Ma perché Finn dice così spesso di no? Soprattutto vuole una madre che si assuma le proprie responsabilità. Che abbia il coraggio di mostrare i suoi colori. Una persona con cui possa confrontarsi e grazie alla quale possa crescere. Questo non significa che voglia una mamma autoritaria che stabilisca regole rigide per tutto e le faccia rispettare senza compromessi. Ma vuole una madre che si assuma la responsabilità di se stessa e della sua famiglia in modo da permettergli di essere un bambino. Naturalmente, Finn si trova in un dilemma. Perché i bambini della sua età non sono ancora in grado di trovare le parole giuste per il processo in atto nella loro famiglia.
Finn non può andare da sua madre e dirle: «Ascolta, mamma. È bello che tu voglia la mia opinione, ma non sono abbastanza grande per prendere decisioni per la nostra famiglia. In definitiva, sei tu che devi assumerti questa responsabilità. Se per te è troppo difficile farlo da solo, dovresti chiedere l'aiuto di un secondo adulto».
Come tutti i bambini, Finn non può dire di no al processo, ma solo al suo contenuto. E se la mamma non è in grado di sentire e interpretare correttamente questo «no», lui deve ripeterlo sempre più forte, nella speranza che alla fine capisca cosa sta cercando di dirle. La situazione di Finn è grave, e purtroppo i bambini nella sua situazione troppo spesso si sviluppano in una direzione distruttiva, diventando piccoli dittatori a casa e a scuola o rivolgendo la loro frustrazione verso l'interno e diventando autodistruttivi.
Non si tratta di potere
Ai genitori come la mamma di Finn viene spesso consigliato di porre dei limiti più rigidi. Ma per quanto comprensibile possa sembrare, questo consiglio è quasi sempre destinato a fallire perché focalizza l'attenzione sulla lotta per il potere all'interno della famiglia.
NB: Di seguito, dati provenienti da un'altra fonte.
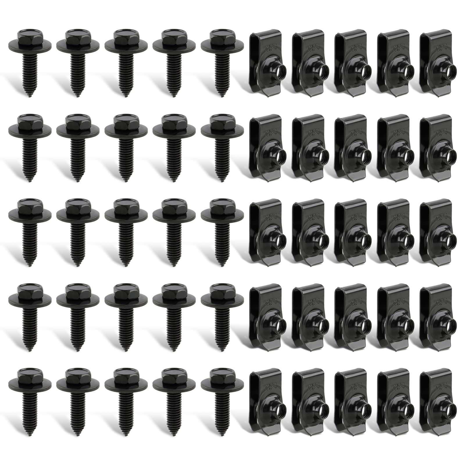 GoaMotors 50PCS 1/4 Body Fasteners - 25 Bolts & 25 U-Nut Clips for Fender, Engine Cover & Splash Shield

Tuttavia, il vero conflitto non riguarda il potere, ma la responsabilità, il che significa che la lotta per il potere è più aspra che mai. È certamente una buona idea stabilire dei limiti laddove prima mancavano. Ma prima di tutto bisogna aiutare i genitori ad assumersi le proprie responsabilità. Altrimenti, può accadere troppo facilmente che anche il figlio debba controllare il rispetto dei limiti e che il processo di creazione dei sintomi in famiglia si rafforzi.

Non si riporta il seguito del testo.